Fece un respiro, cercando di calmarsi. «Per quella segnalazione di crowdsourcing: un utente di Carnivia afferma di avere ricevuto una proposta di acquisto per i filmati di Mia. La cosa sbalorditiva è che questi filmati risalgono a prima del sequestro; addirittura uno mostra Mia nella sua cameretta».

Cate si accigliò. «Com’è possibile?»

«Un RAT».

«Daniele, vuoi essere più esplicito?»

«Un Remote Administation Tool, uno strumento di accesso remoto. È un programma relativamente semplice che ti permette di prendere il controllo del computer di un’altra persona. Puoi aprire le sue email, curiosare tra i suoi file, recuperare le sue password mentre le digita… e puoi perfino accendere la sua webcam e filmarla senza che se ne accorga. Questo spiega anche come facevano i rapitori a sapere che Mia sarebbe andata al club. La stavano spiando virtualmente, oltre che nel mondo reale».

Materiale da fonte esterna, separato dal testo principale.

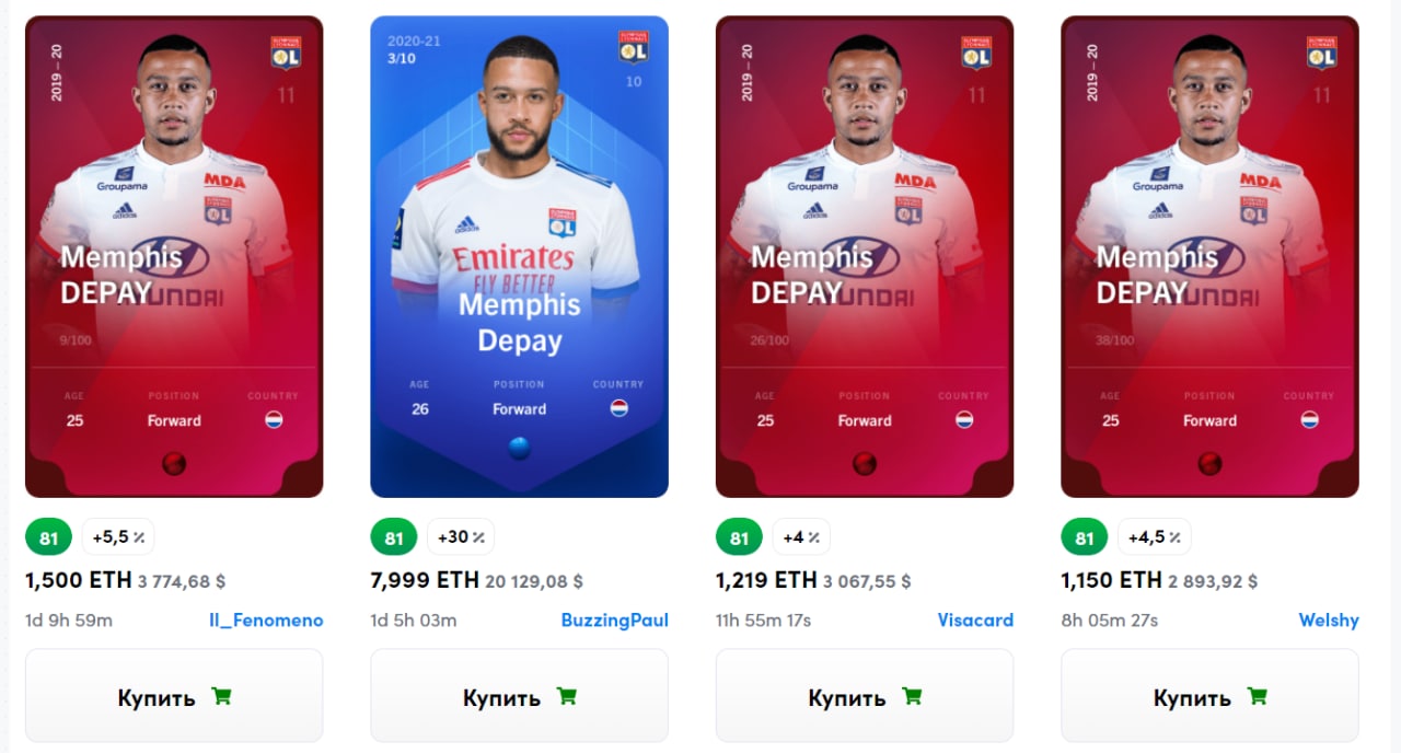The first deal is on Memphis Depay soccer player. The manager bought him about five months ago and didn't miss out. It was recently revealed that he will now play for the club Barcelona, which is a very good growth driver for the card. Since entering, the price has increased fivefold, but the upside potential is great, so the trade is still open.
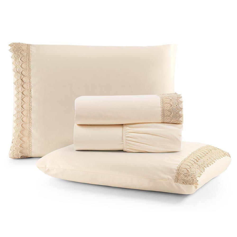 Jogo De Lençol Rubi Queen 4 Pçs 100% Algodão 200 Fios Ponto Palito Bordado - Palha
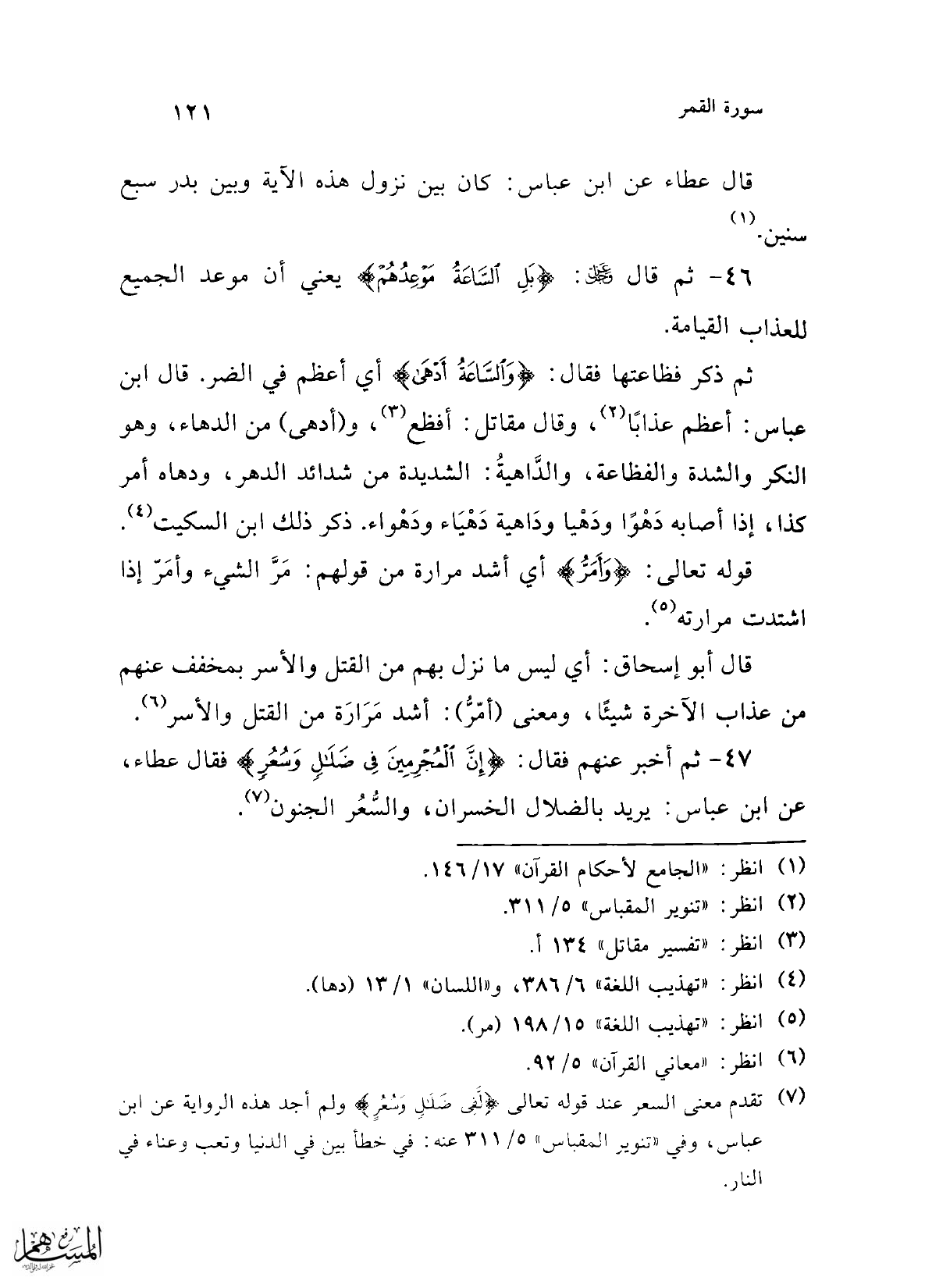 47 - ثم أخبر عنهم فقال: {إِنَّ الْمُجْرِمِينَ فِي ضَلَالٍ وَسُعُرٍ} فقال عطاء، عن ابن عباس: يريد بالضلال الخسران، والسُّعُر الجنون (¬7).
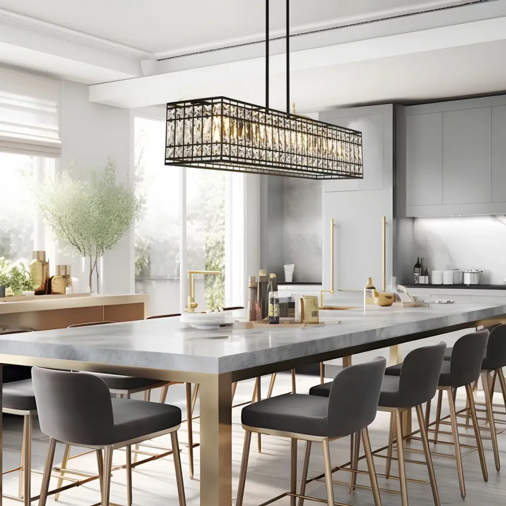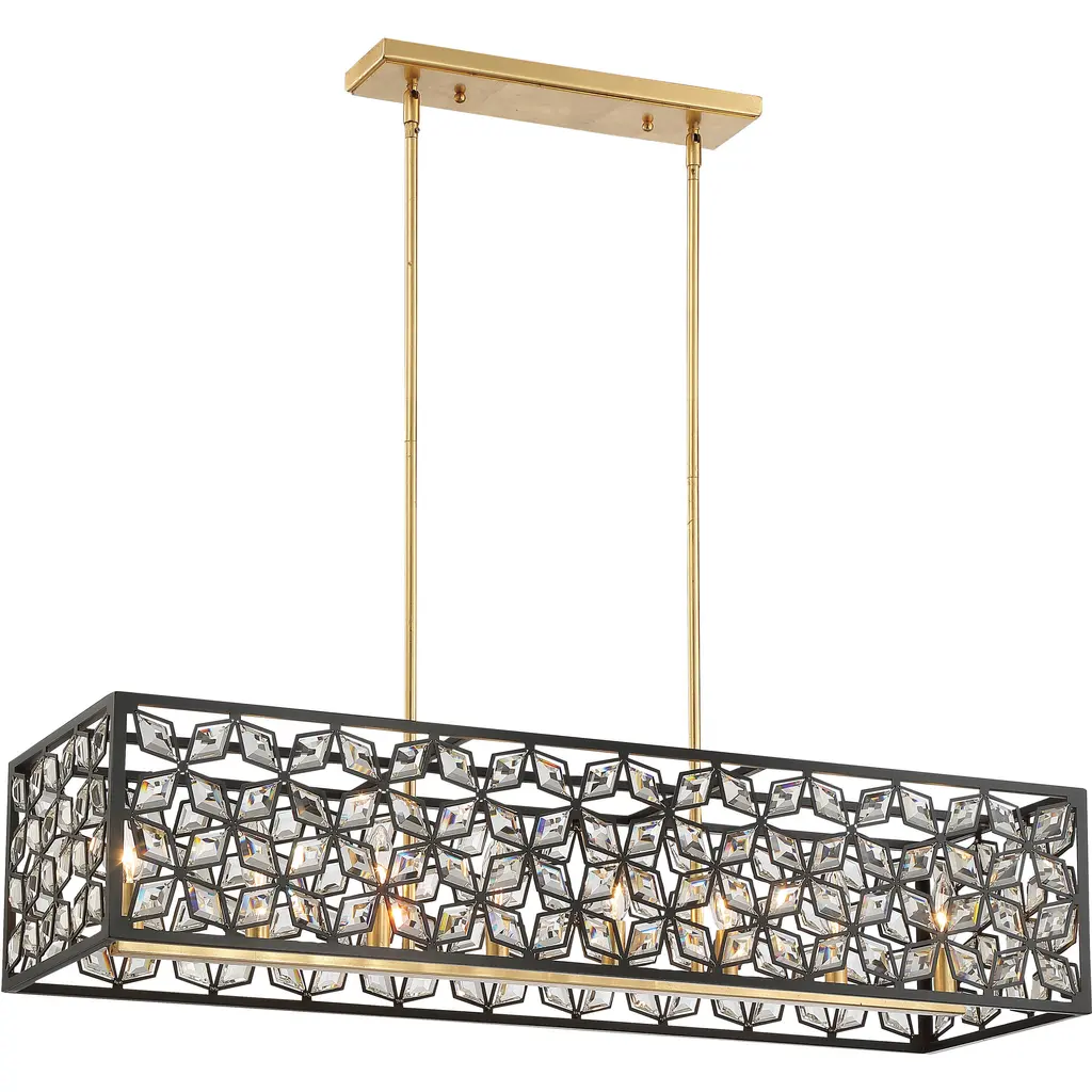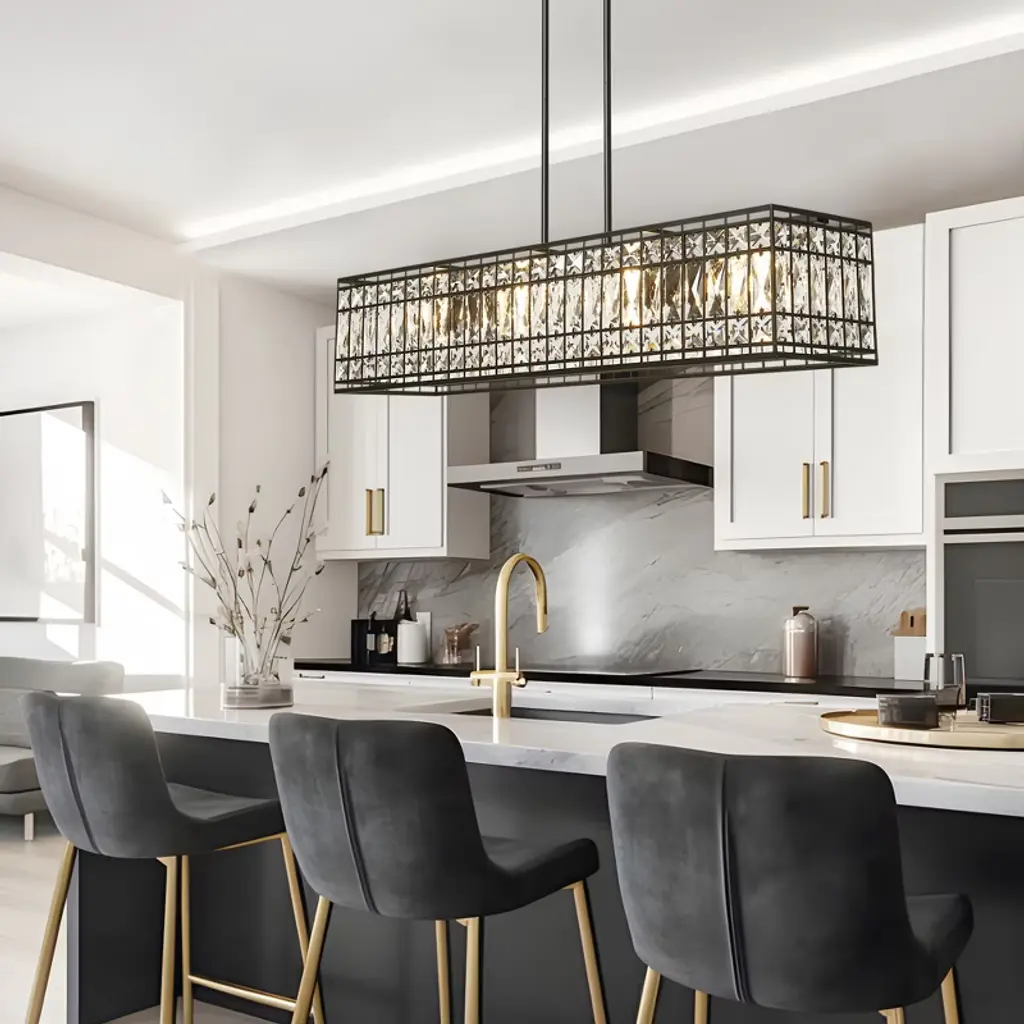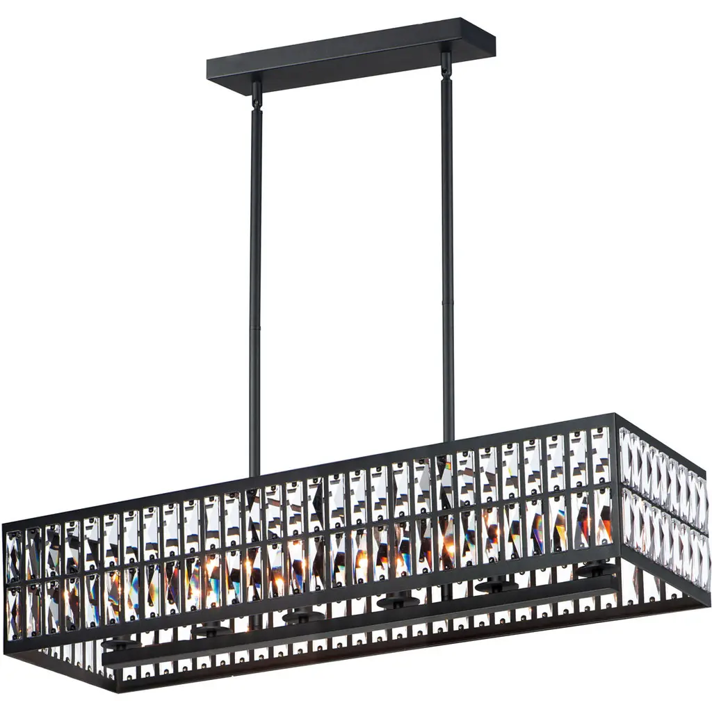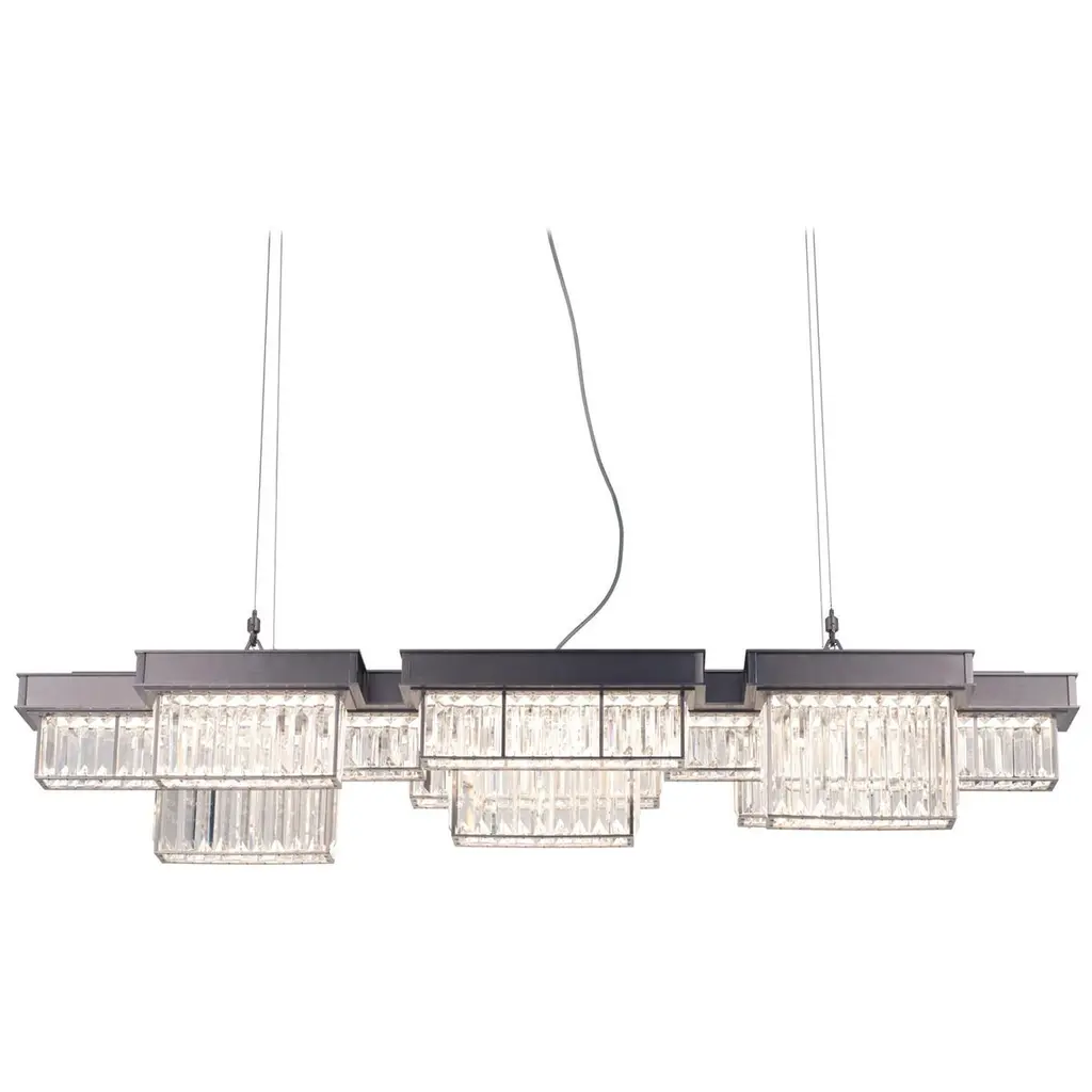 The Chispa collection is one of our best-sellers, and it’s easy to understand why. With its stunning crystal shades and sleek, modern structure, it’s a versatile choice for any project. Featuring an iron frame encased in shimmering, rectangular-faceted crystals, this update to the classic crystal fixture combines clean, symmetrical lines with an elegant touch. The transitional design of the Chispa makes it adaptable to a wide range of spaces, offering the flexibility to suit various personal styles. Its black and crystal combination pairs seamlessly with silver, gold, black, or bronze finishes, and complements everything from a Tiffany table lamp to a contemporary bubble couch. The Chispa Collection includes a full range of chandeliers, islands, pendants, flush mounts and sconces, in various shapes and sizes, making it an ideal choice for any space.
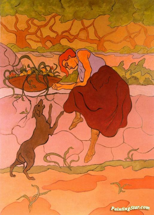 Woman with Jumping Dog, Art Painting by Paul Ranson
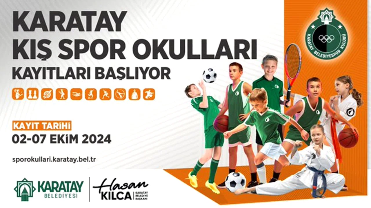 Karatay Kış Spor Okulları'nda Voleybol, Jimnastik, Karate, Taekwondo, Masa Tenisi, Okçuluk, Satranç, Yüzme, Futbol, Basketbol ve Tenis Kortu branşlarında 5-15 yaş aralığındaki çocuklar eğitim alabilecek.
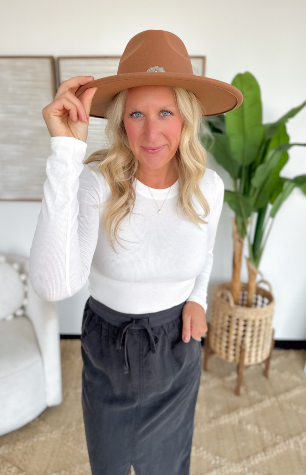 This round neck ribbed knit top is a wardrobe essential you’ll reach for on repeat. Designed with a fitted silhouette, it layers seamlessly under jackets or stands on its own for a sleek, polished look. The soft, stretchy knit moves with you while keeping its shape, making it perfect for both work and weekend wear. Available in classic ivory, it’s a versatile piece that works year-round.
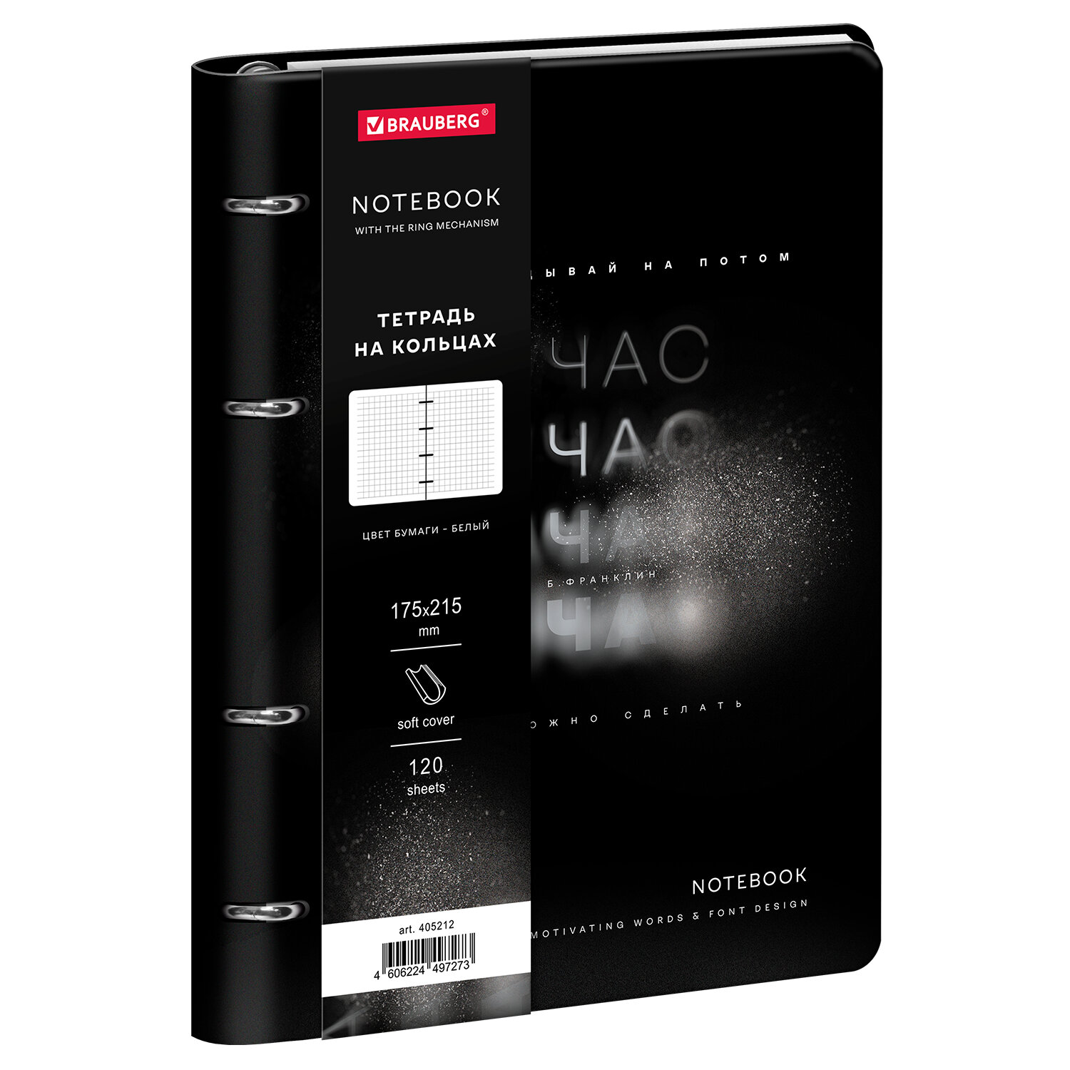 Тетрадь на кольцах А5 180х220, 120л, под кожу, BRAUBERG VISTA, Minimal черный Код товара: 405212 504,84 ₽ Купить Производитель:BRAUBERG Тетрадь на кольцах BRAUBERG - это идеальный вариант для тех, кто ценит практичные и элегантные вещи. Блок состоит из 120 листов офсетной бумаги белого цвета плотностью 70 г/м2. Кольцевой механизм с 4-мя кольцами позволяет пользоваться сменным блоком в 120 листов. Линовка - клетка с полями. Мягкая интегральная обложка с вырубкой под кольца выполнена из износоустойчивого материала с текстурой под гладкую кожу. Формат А5 удобно носить в рюкзаке/сумке, что позволит брать на учебу/работу всего одну тетрадь с возможностью добавлять и менять листы. Полезный диаметр колец - 20 мм.Производство: КитайКоличество листов: 120Тип обложки: экокожаФормат: А5Внутренний блок: офсетПлотность внутреннего блока: 70 г/м2Серия: VistaДизайн: СейчасЦвет обложки: с дизайномБелизна: 100 %Цвет внутреннего блока: белыйТип скрепления: четырехкольцевой механизмВид линовки: клеткаНаличие полей: даДлина: 215 ммШирина: 175 ммТолщина: 25 ммИндивидуальная упаковка: даВес: 407 грРазмер упаковки: 3.2 × 22.1 × 18.1 смОбъём: 0.0012 м3Промежуточная упаковка: 30 штТранспортная упаковка: 30 штШтрих-код: 4606224497273

«Allora è così che sono entrati nel suo account di Carnivia? Rubandole la password?»

«Può essere. Ma non spiega tutto quello che hanno fatto».

«C’è un modo per stabilire chi sia l’hacker?»

«Difficile. Ma questo non significa che tu non possa metterlo in trappola».

«Come?»

«Quantomeno ha un punto debole: il suo ego. L’ha dimostrato con i messaggi che mi ha inviato e con il tentativo di vendere i filmati di Mia. Non lo fa per soldi, ma per vantarsi con i suoi amici hacker. Se lo attiriamo con un’esca abbastanza allettante, magari correrà il rischio».

«Quale esca?».

Daniela puntò il dito verso di lei. «Tu».

«Io?»

«Sì. Cercalo, adulalo e digli che ti servono i suoi servizi e che sei disposta a pagare. Quasi sicuramente installerà un RAT sul tuo computer per controllare chi sei. Quello che non potrà sapere è che i maghi sfrutteranno la sua stessa arma per entrare nel suo processore. Ma dovrai fare attenzione. Ti consiglio di fare un backup completo del PC, ripulirlo e creare una nuova te. Elimina tutti i dati che possano permettergli di scoprire la tua vera identità o dove abiti, ma lascia abbastanza indizi da dargli l’impressione che tu sia una persona vera».

«Come farò a sapere che l’ho trovato?»

«Non temere, non perderà occasione per vantarsi». Le prese il cellulare e aprì il menu dei messaggi per mostrarglielo. «Questa è una delle risposte al mio appello».

E così hai chiesto ai tuoi amici di trovarmi? Ci sarà da divertirsi!